Cobéguit (Cobequid being the English appellation) is the French interpretation given to the Mi’kmaq word “Wecobeguit” which means “the bay that goes far”, in reference to the impressive phenomenon of the tidal range which is the difference in level between the successive levels of a high tide and a low tide. The higher the vertical drop, the further the body of water goes. Long before the arrival of Europeans on the shores of Wecobeguit and without knowing that the tidal range varies in time and space depending on several parameters, the most important of which being the celestial bodies (the Sun, the Moon and the planets) and geography (ocean basin), the Mi’kmaqs knew well how to name the site properly. According to Mi’kmaq legend, the tidal phenomenon was explained by the proportionate dance of a giant whale which agitates the waters of the Bay of Fundy (originally baie Française). Geographically, Cobequid Bay (formerly baie Cobéguit) is located at the head of the Minas Basin which is the extension of the Bay of Fundy which in turn is an arm of the sea. It is in Cobequid Bay that the world’s largest tidal waves occur to the admiration of all visitors. Tides of 16 meters (53 feet) can be observed. They fascinated Mathieu Martin, lord and founder of Cobequid (now Truro).

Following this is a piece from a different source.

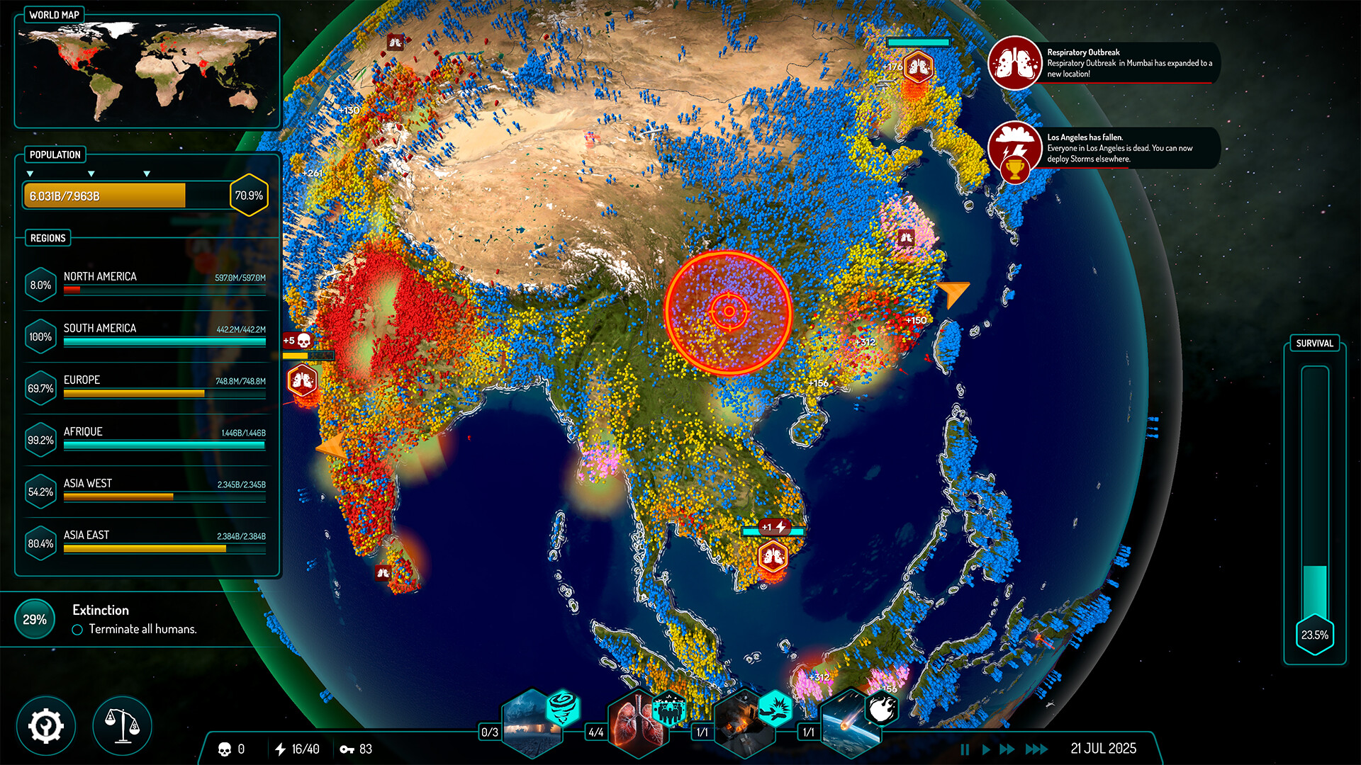 Our unique technology simulates over 80,000* humans simultaneously on screen as you deploy devastating plagues, natural catastrophes, global conflicts and more tragedies. Designed using real-world data for an authentic simulation of humanity’s downfall.

On March 28, 1689 four leagues (19.2 kilometers) of coastline on Cobequid Bay, located at the eastern end of the Minas Basin, were granted as a seigneurial fief to Mathieu Martin, a weaver from Port-Royal. According to the deed of concession of St. Mathieu Seigneury, Mathieu Martin was “the first (child) born in Acadia among the country’s French”. We know that Lord Martin received his school education at the Father Recollets’ school in Port-Royal and that he operated a post to trade with the Mi’kmaqs in the estuary of the Wecobeguit River (today the Salmon River flowing through Truro).
St. Mathieu Seigneury
St. Mathieu Seigneury’s first tenants arrived towards the end of the 17th century. According to the 1701 census these were the families of Jérôme Guérin, Martin Blanchard, and Martin Bourg, who came from Port-Royal. One of Martin Bourg’s brothers, named Jean, was the husband of Marguerite, sister of Mathieu Martin. Then, prior to the 1707 census, fourteen new families joined the seigneury. Nine of these families were related to Martin Bourg, so that two thirds of the tenants were related directly or indirectly to the Bourg family, but also to that of the Lord himself. We can clearly see here the influence that parental relationships exerted on the settlement of the Acadian seigneuries. Seven years later, according to the 1714 census, Mathieu Martin, then aged 79, still lived in his fiefdom. According to legend he lived there until the end of his life.
In 1748, the parish of St. Peter & St. Paul was recognized as “the principal seat” of Cobequid, surrounded by approximately a hundred families. The church and its cemetery stood in the field somewhere between the blue panel (photo) and the coastline. In fact, the British soldiers burned all buildings, including the church (thus destroying all of the parish registers) to discourage the return of the Acadians.
More precisely, with regard to the expulsion of the parishioners of St. Peter & St. Paul during the Great Upheaval of 1755, opinions vary. Thomas Miller, a researcher-writer, reports in his book on the early settlers of Colchester County that most people were evicted on three carrier vessels. In contrast, the diary of Colonel John Winslow (responsible for the evictions) indicates that Captain Lewis and a number of soldiers sent to Cobequid expected to find two to three hundred Acadians there. But when they arrived, the area had been evacuated. British forces remained in the area from September 23 to 26, setting the buildings on fire. Only two barns near Clifton on the county’s western flank did escape the flames.